| WHAT NEEDS TO BE DONE |
Line by line, give the data again exactly as it appears, but without pictures.

| INFORMATION SHOWN |
━━━━━━━━━━
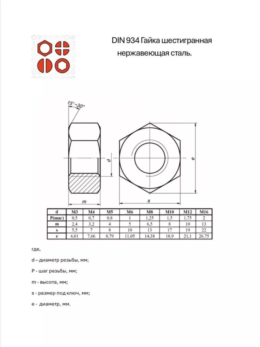 | Гайка нержавеющая М3,4,5,6,8,10,12 DIN934 (по 10 шт) | 11600 | 1 шт. |
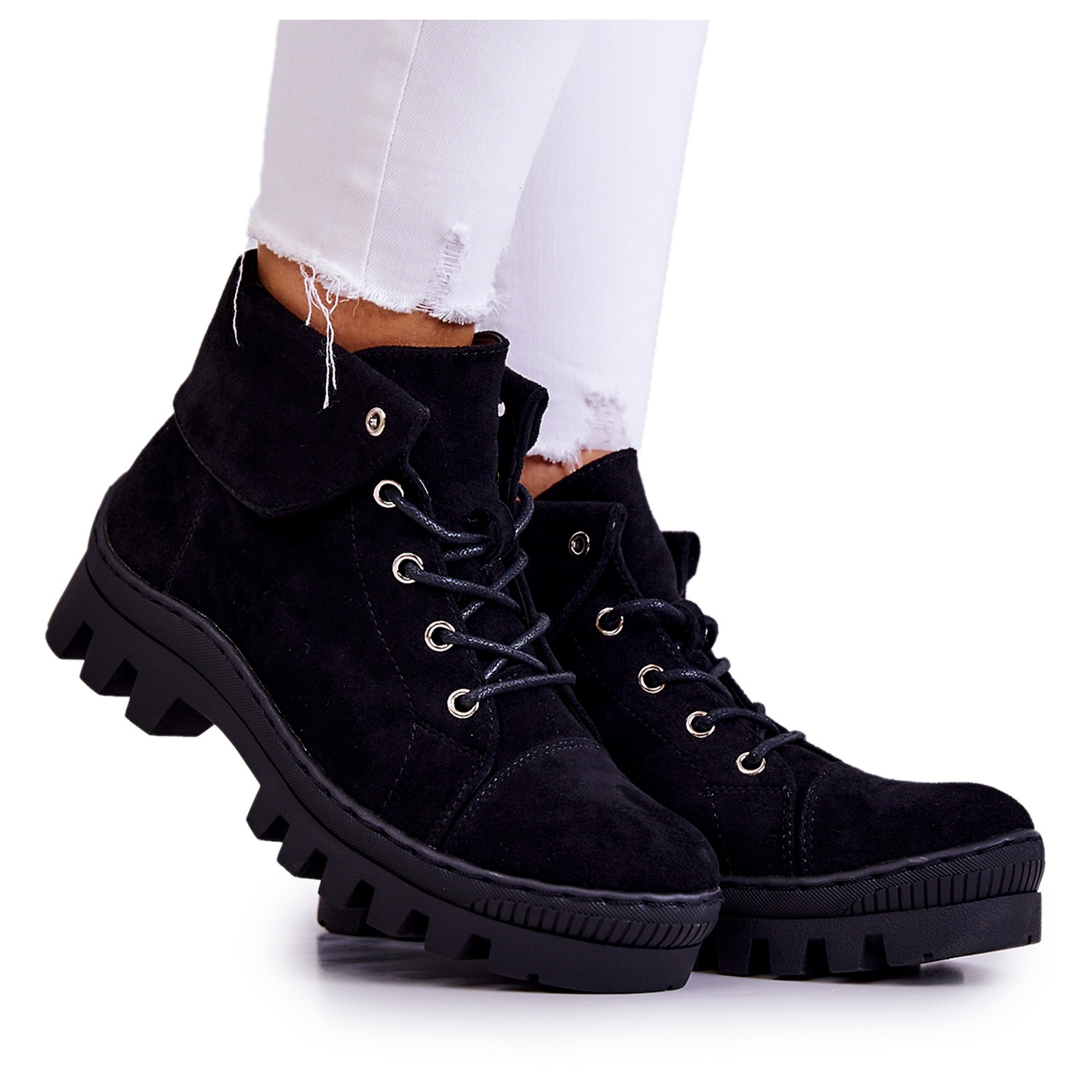 Die Stiefel werden mit runden Schnürsenkeln gebunden, was für eine perfekte Passform am Fuß sorgt. Auf einer dicken Sohle mit modischen Cut-Outs, die Charakter verleihen, garantieren diese Stiefel nicht nur Stil, sondern auch Stabilität. Die Spitze des Schuhs ist versteift und abgerundet, was für ein angenehmes Tragegefühl sorgt.
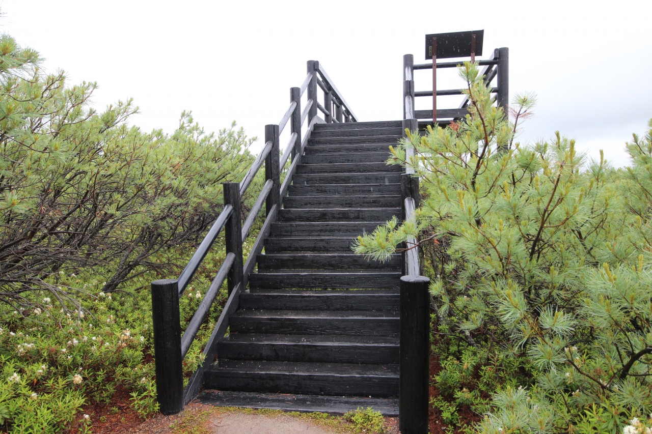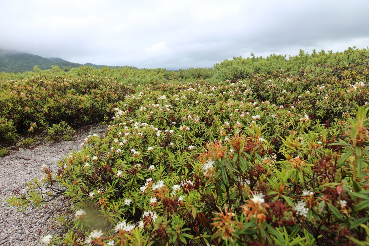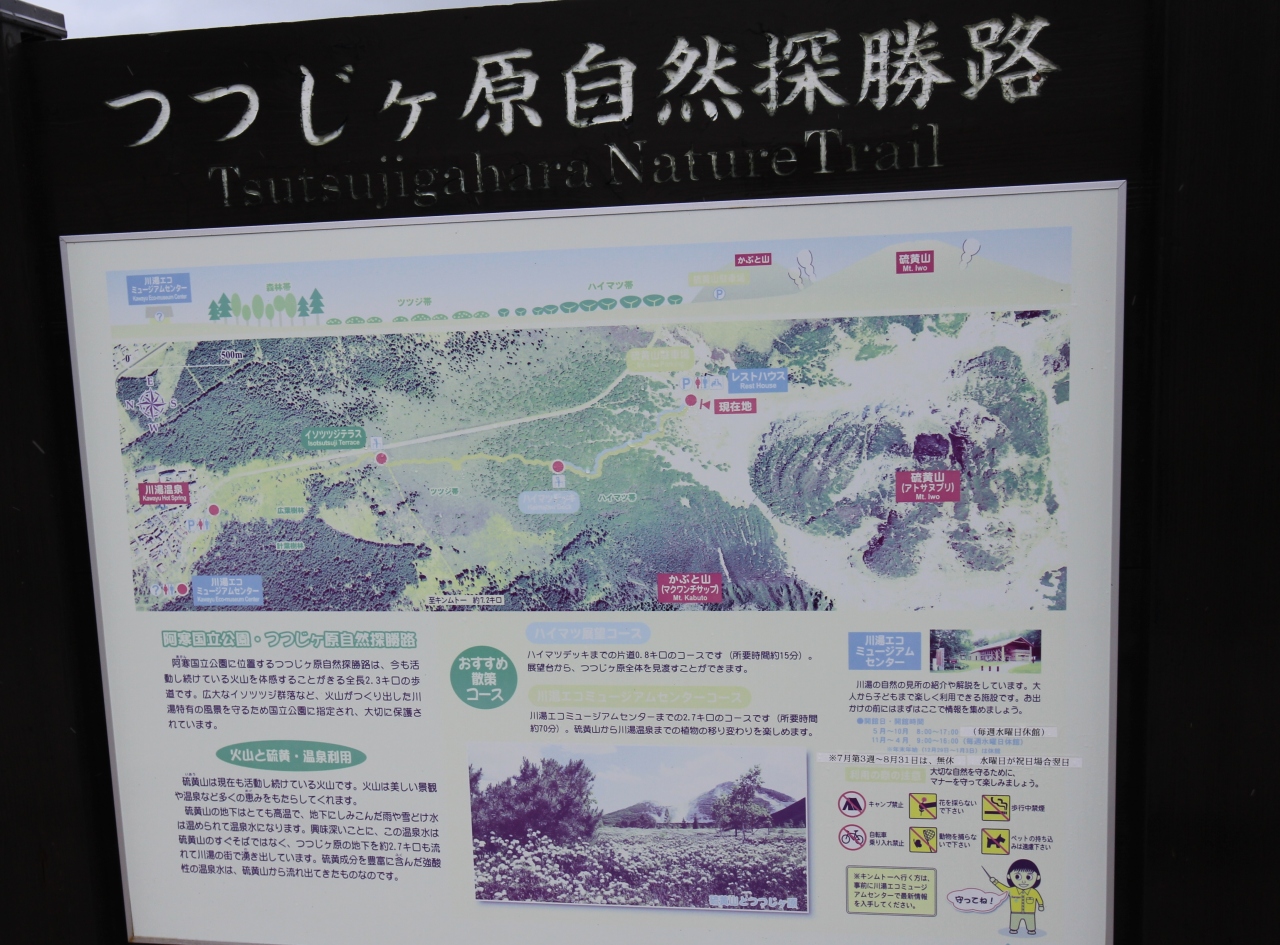 つつじヶ原自然探求路は、硫黄山レストハウスから川湯温泉の川湯エコミュージアムセンターまで2.5km遊歩道。この遊歩道のセールスポイントは6月中旬から下旬にかけて咲くイソツツジ。6月の終わりに訪れたのですが、イソツツジの見頃は終わってました。今年は、5月に暖かい日が続き、例年より2週間早かったようです。当初の計画では、イソツツジが白く咲き誇り、その背後に硫黄山が噴煙を上げる、そんな図を見れるはずでしたが、残念でした。
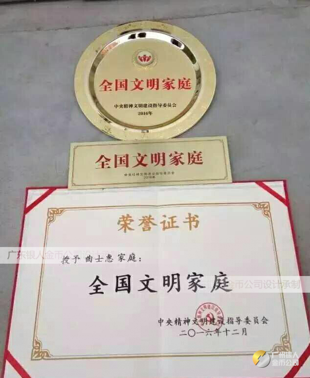 “全國文明家庭”獎牌、獎章和榮譽證書(圖)
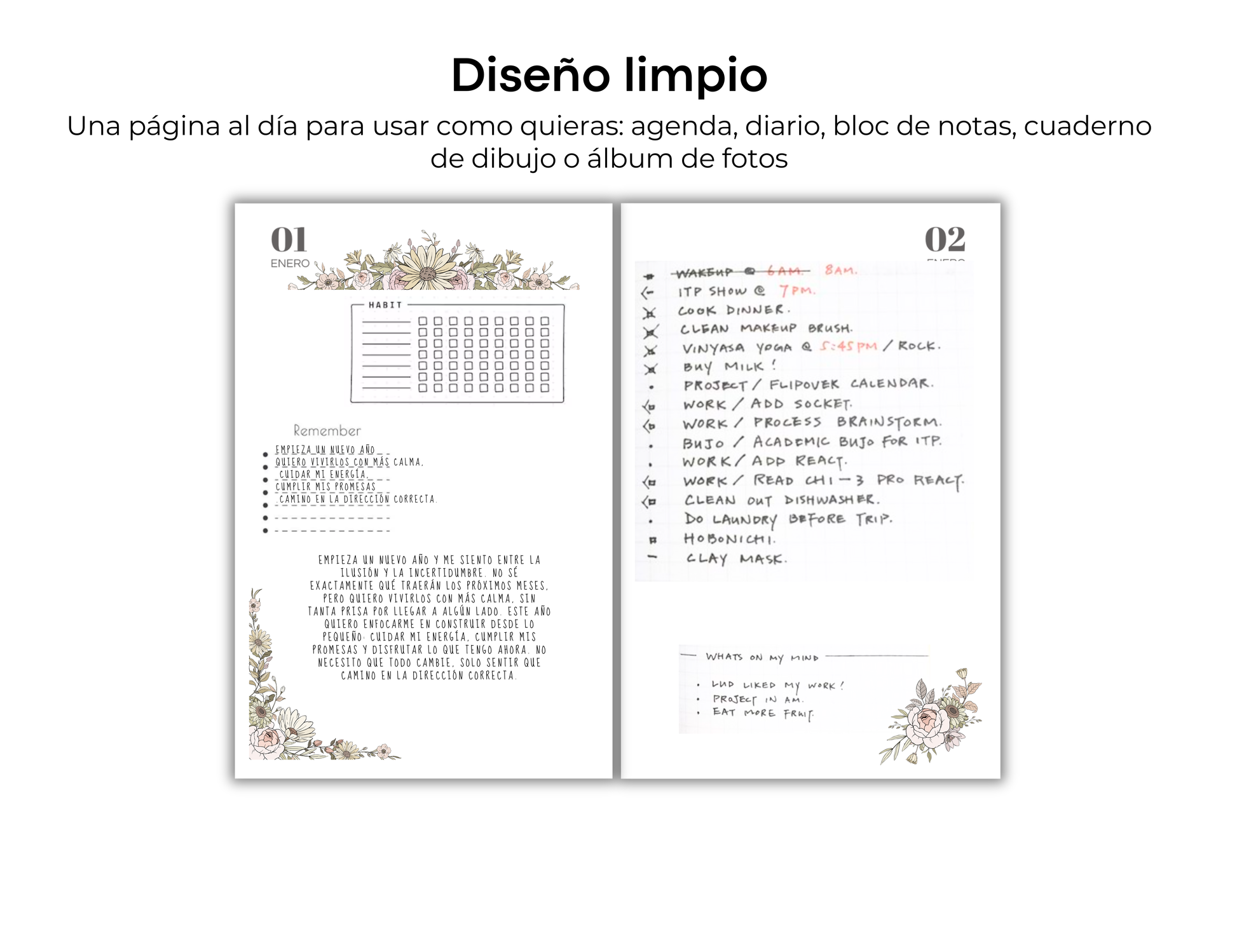 365 Espacios es una agenda limpia: solo la fecha, nada más.
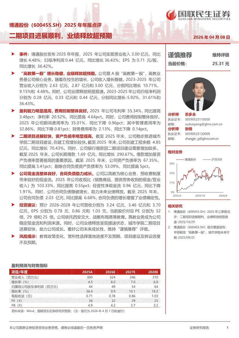 博通股份:国联民生证券-博通股份-600455-2025年年报点评:二期项目进展顺利,业绩释放超预期-260408
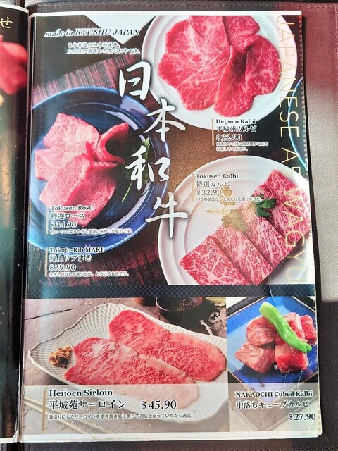 黒を基調としたシックな店内では、おすすめの九州産黒毛和牛をはじめ、リーズナブルな焼物各種、スープやサラダ、ごはんものなどのサイドメニューのほか、90分食べ放題のビュッフェ(Rich Buffet・$55/Premium Wagyu Buffet・$70)、お得なランチが楽しめます。
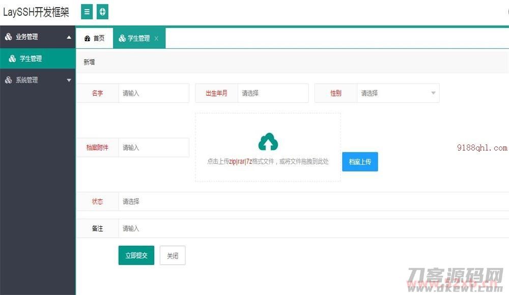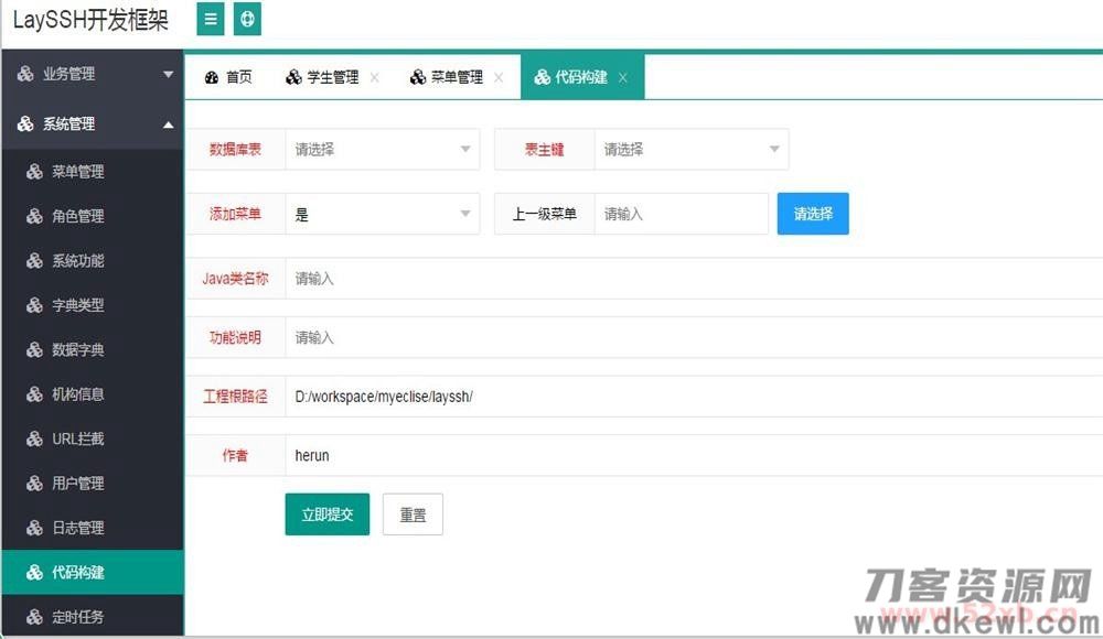 基于layui+SpringMVC+Spring+Hibernate+Mysql搭建而成,内置代码生成器,能够快速生成增删改查代码,节省开发时间,快速构建企业级的web应用系统。 该框架具备一整套完整的权限管理系统,代码简洁,容易入门,适合开发者研究学习。
━━━━━━━━━━
| ANSWER SECTION |
 | Гайка нержавеющая М3,4,5,6,8,10,12 DIN934 (по 10 шт) | 11600 | 1 шт. |
 Die Stiefel werden mit runden Schnürsenkeln gebunden, was für eine perfekte Passform am Fuß sorgt. Auf einer dicken Sohle mit modischen Cut-Outs, die Charakter verleihen, garantieren diese Stiefel nicht nur Stil, sondern auch Stabilität. Die Spitze des Schuhs ist versteift und abgerundet, was für ein angenehmes Tragegefühl sorgt.
 つつじヶ原自然探求路は、硫黄山レストハウスから川湯温泉の川湯エコミュージアムセンターまで2.5km遊歩道。この遊歩道のセールスポイントは6月中旬から下旬にかけて咲くイソツツジ。6月の終わりに訪れたのですが、イソツツジの見頃は終わってました。今年は、5月に暖かい日が続き、例年より2週間早かったようです。当初の計画では、イソツツジが白く咲き誇り、その背後に硫黄山が噴煙を上げる、そんな図を見れるはずでしたが、残念でした。
 “全國文明家庭”獎牌、獎章和榮譽證書(圖)
 365 Espacios es una agenda limpia: solo la fecha, nada más.
 博通股份:国联民生证券-博通股份-600455-2025年年报点评:二期项目进展顺利,业绩释放超预期-260408
 黒を基調としたシックな店内では、おすすめの九州産黒毛和牛をはじめ、リーズナブルな焼物各種、スープやサラダ、ごはんものなどのサイドメニューのほか、90分食べ放題のビュッフェ(Rich Buffet・$55/Premium Wagyu Buffet・$70)、お得なランチが楽しめます。
 基于layui+SpringMVC+Spring+Hibernate+Mysql搭建而成,内置代码生成器,能够快速生成增删改查代码,节省开发时间,快速构建企业级的web应用系统。 该框架具备一整套完整的权限管理系统,代码简洁,容易入门,适合开发者研究学习。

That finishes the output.